Но об этом ниже. Здесь же отметим лишь одно принципиальное обстоятельство, касающееся изменения антропологических характеристик исследовательской деятельности. Дифференцированность точек зрения на предмет изучения как характеристика конституции предмета изучения меняет представление о самом исследователе и адресате его деятельности, вводя в процесс исследования иные антропологические основания и модели – новые критерии адекватности и результативности производимой интерпретации. Это означает, что выдвигаются требования экспликации оснований отбора материала, обоснование выбора той, а не иной процедуры интерпретации, разведение языка описания и языка объяснения, указание на характер исследовательского интереса к проблеме и т. п. Признание этого факта означает принципиальное равноправие филолога и читателя-непрофессионала, но не их равенство. Другими словами, филолог в подобной ситуации уже не может просто так встать в авторитетную позицию[464]. Он должен, если претендует на нее, обосновать ее значимость и добиться ее признания в каком-то социально-ролевом качестве. Прежняя позиция авторитетного гелертера, соединяющего в себе авторитет специалиста и носителя вкуса (на основе знания классики как выражения духа национальной культуры), обладателя высокого статуса в социальной системе образования, организации литературы и проч., т. е. того символического капитала, которым отличалась «буржуазия образования» в XIX в., сегодня безнадежно утрачена.

Новая ситуация воспроизводит новые отношения и в рамках сообщества образованных, и внутри научного сообщества: это отношения равнозначных в культурном и ценностном плане субъектов действия (автономных и культурно дееспособных). Здесь нет иного основания для авторитета, кроме признанной корректности и результативности профессионально произведенных исследований. Само по себе знание бесчисленных литературных текстов и их взаимосвязей не представляется в сообществе этого типа достаточно ценным. Более важными, решающими становятся формальные процедуры проверки и доказательности проведенных интерпретаций. А это значит, что структура сообщества перестала носить закрытый и иерархический характер. Культура в науке утратила свою практическую роль (в немецком словоупотреблении «практический» – в значении, близком к «практическому разуму», культуре как идеологии).

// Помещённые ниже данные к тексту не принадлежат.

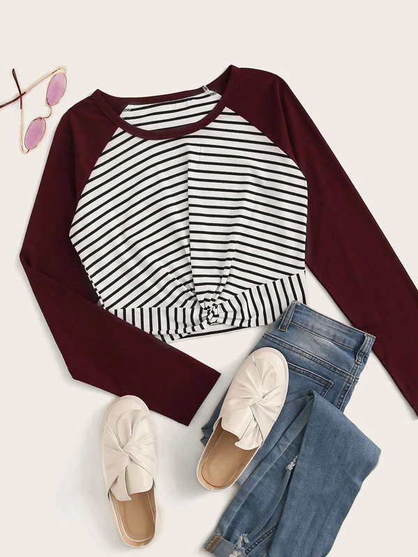 Camiseta béisbol delantero girante de rayas

Обладатели культуры (в науке) становятся «обществом», т. е. участниками равноправных взаимодействий. «Общество» здесь лишено властных или авторитетных (что здесь то же самое) измерений, как их нет в торговом «обществе» («Смирнов и компания») или в Вольном экономическом обществе[465]. Другими словами, новая история литературы возможна только при изменившемся понимании человека и его связей («общества», «публичной сферы» и т. д.).

По отношению к теории литературы или теории истории литературы это означает осознание необходимости и неизбежности другой конструкции литературы, основанной на совершенно других ценностях культуры и познания. Отсутствие представлений подобного рода и, напротив, сохранение всеми силами носителей литературной культуры идеологических и антропологических воззрений, характерных не только для советского тоталитаризма, но и для XIX в., объясняет дремучую косность российского литературоведения, равно как и крах существовавшей советской, централизованно-иерархической, классикалистской системы литературы.

Можно сказать, что традиция (смысловой образец поведения в закрытом сообществе) не расколдована, не отрефлексирована в России как культура – без идеи и принципа субъективности это невозможно. А потому традиция не может быть введена в науку ни в качестве предмета рефлексии, ни в форме рациональной техники познания, – познания самой культуры как техники, техники социального взаимодействия. Лишь названная, имитационно обозначенная «культурой», традиция в России приобретает и воспроизводит характер идеологии, единоспасающего учения. Поэтому и переведенная десять лет назад, опубликованная престижным «Новым литературным обозрением», статья Яусса не вызвала никаких откликов или дискуссий. Можно со всей определенностью сказать: его идеи и намеченные этой школой подходы никого в России не тронули, они не были «поняты» (что само по себе свидетельствует о состоянии российской мысли, если таковая еще есть). Более того, следовало бы говорить об отторжении российской филологией любой попытки теоретической саморефлексии.

Сегодня в российском литературоведении приняты (нельзя сказать – «господствуют», ибо для господства нужна хоть какая-то сила, сила инерции не в счет) два основных представления об «истории» литературы и несколько производных от них, «свободных» радикалов этих значений. Первое (условно назовем его «имплицитным») – официальное, или, что то же самое, педагогическое. Это дискретная картина исторических фрагментов литературы Нового времени и различного рода проекции на нелитературные феномены, но интерпретированные в качестве «древних литератур», «протолитератур» или «предысторий литературы» (литератур Древней Руси, Византии, средневековой Европы или античной Греции или Рима и проч.). Ее основа – заимствованная у старых немецких романтиков, а точней, подхваченная у их поздних эпигонов конструкция литературы как выражения (отражения) идеальных составляющих национального духа или какого-то иного, но столь же неопределенного социального или идеологического целого – например, Россия как православная цивилизация.